= Shot (filmmaking) =

Series of frames that runs for an uninterrupted period of time

In filmmaking and video production, a shot is a series of frames that runs for an uninterrupted period of time. Film shots are an essential aspect of a movie where angles, transitions and cuts are used to further express emotion, ideas and movement. The term "shot" can refer to two different parts of the filmmaking process:
1. In production, a shot is the moment that the camera starts rolling until the moment it stops.
2. In film editing, a shot is the continuous footage or sequence between two edits or cuts.

==Etymology==
The term "shot" is derived from the early days of film production when cameras were hand-cranked, and operated similarly to the hand-cranked machine guns of the time. That is, a cameraman would "shoot" film the way someone would "shoot" bullets from a machine gun.

== Categories of shots ==

Shots can be categorized in a number of ways.

===By field size===

The field size explains how much of the subject and its surrounding area is visible within the camera's field of view, and is determined by two factors: the distance of the subject from the camera ("camera-subject distance") and the focal length of the lens. Note that the shorter a lens's focal length, the wider its angle of view (the 'angle' in wide-angle lens, for instance, which is "how much you see"), so the same idea can also be expressed as that the lens's angle of view plus camera-subject distance is the camera's field of view.
- the long shot or wide shot (often used as an establishing shot), that shows the environment around the subjects,
- the full shot, where the entirety of the subject is just visible within the frame,
- the medium-long shot, where the frame ends near the knees,
- the medium shot, where the frame stops either just above or just below the waist,
- the medium close-up, where more of the shoulder is visible than in the close-up,
- the close-up, where the shoulder line is visible,
- the extreme close-up, where the frame stops at the subject's chin and forehead.
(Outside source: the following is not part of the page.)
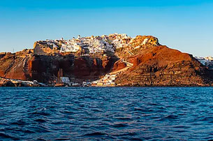 La navigation dans les eaux de la caldeira de Santorin est saisissante. Le gigantisme de ce décor unique, la majesté des hautes falaises entourant cet ancien cratère envahi par les flots au IIe millénaire avant J.-C. est un moment fort de la croisière. Depuis votre navire, les dégradés de couleur des roches volcaniques, blanches, grises, rouges, le bleu de la mer Égée, les villages perchés immaculés constituent un spectacle unique et merveilleux.

Three less often used field sizes are:

- the extreme long shot (used for epic views and panoramas),
- the American shot (also 3/4 shot), a slight variation of the medium-long shot to also include outside the waistband handgun holsters in Western movies, a characterization from French film criticism for a type of shot in certain American films of the 1930s and 1940s also referred to as a "Cowboy shot" in reference to the gun holster being just above the bottom frame line,
- the "Italian shot", where only a person's eyes are visible, named after the genre of Italo-Westerns, particularly the Dollars Trilogy by Sergio Leone, that established this particular field size.

Field size shots comparison (* = "basic" shots)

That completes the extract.